Is Hormone Replacement Therapy Right For You?
Menopause can be unpleasant, whether you’ve reached that stage in your life now or it’s coming on the distant horizon. Hot flashes, moodiness and other symptoms can turn some women’s lives upside down.
Menopause in Brief
If the middle school and high school years were marked by “raging hormones,” then the late 40s and early 50s should be known as the “great hormone slow down.”
Around this time, women have moved out of their childbearing years and no longer need certain hormones—estrogen and progesterone—to sustain a pregnancy. This natural process, known as menopause, leads to those unwelcome symptoms such as hot flashes, vaginal dryness, moodiness, and even insomnia.
Because of the way hormones work in the body, hormone therapy should involve a physician.
Additionally, certain cancers are disqualifiers for treatment. If a woman has breast cancer that is estrogen-progesterone positive or uterine cancer, hormone replacement therapy is not prescribed because estrogen feeds into the cancer.
That’s why many women turn to hormone replacement therapy, which boosts the low levels of estrogen and progesterone that cause the symptoms associated with menopause. But, as with any medical intervention, it comes with certain risks. Here are three simple things to consider if hormone replacement therapy might be right for you.
Know Yourself
Menopause and the effects it has on the body can vary widely among women and involve many factors. Understanding your personal health and your own body is key.
“The average age that a woman goes through menopause in the United States is 51 or 52,” says Dr. Diana Kumar, an obstetrician and gynecologist with SCL Physicians. “Sometimes this happens earlier because of premature ovarian failure, smoking, chemotherapy, or surgery; if you take out the ovaries, a woman will go through what we call ‘surgical menopause.’”
Regardless of how and when a woman arrives at menopause, symptoms vary from woman to woman. “These symptoms can last anywhere from a couple months to 10 years,” she says. “That’s why some women come in looking for a solution.”
Taking estrogen or a combination of estrogen and progesterone can help to combat the discomfort of menopause such as hot flashes, moodiness, vaginal dryness and insomnia. However, these can lead to an increased risk for certain health conditions, such as stroke, blood clots in the legs, and cardiovascular disease.
If a woman still has a uterus, it’s important that she also gets progesterone to prevent endometrial hyperplasia, which is a precursor to endometrial cancer.
Like menopause, hormone replacement therapy is temporary. “Our goal as OB-Gyns is to treat your symptoms with the minimal dose of hormones for the shortest amount of time,” says Dr. Kumar.
Beware of Quick Fixes
Some women have turned to herbal remedies to help them through menopause, a practice some physicians do not generally recommend.

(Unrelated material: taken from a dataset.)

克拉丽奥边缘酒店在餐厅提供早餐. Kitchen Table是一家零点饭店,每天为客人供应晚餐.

“There’s a whole line of natural remedies, however the American Congress of Obstetricians and Gynecologists' stance is that there is limited data to suggest benefit currently. Many of my patients do take them and believe they help…black cohosh, ginseng, and dong quai…but these all have their own risks. For example, you do not give black cohosh to someone with liver disease. With dong quai, there’s a theoretical risk of bleeding, so if someone is on a blood thinner, they shouldn’t use it.”

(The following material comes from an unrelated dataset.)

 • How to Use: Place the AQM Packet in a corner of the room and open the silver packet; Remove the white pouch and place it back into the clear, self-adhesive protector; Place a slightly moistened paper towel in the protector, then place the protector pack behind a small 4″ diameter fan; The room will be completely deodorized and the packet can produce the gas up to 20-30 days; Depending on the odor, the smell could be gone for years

On a similar note, there are two types of bioidentical hormones. "There are the FDA-approved ones—these are the ones I prescribe—and the compounded ones from a pharmacy that may be advertised as plant-based or all natural,” says Dr. Kumar. “Phytoestrogens, such as soy products, are touted as natural sources of estrogen, but again, these products are not FDA-approved and have limited long-term data to suggest benefit.”
Talk to Your Doctor
Ultimately, if you are considering hormone replacement therapy, it begins and ends by having an informed conversation with your doctor. He or she can help you decide if it is right for you, and which method works best. “We give estrogen several different ways: a pill, a cream that can be put in the vagina, a spray that can be absorbed through the skin, a patch, and something called the Estring, which is like a little ring that goes into the vagina and secretes estrogen,” says Dr. Kumar.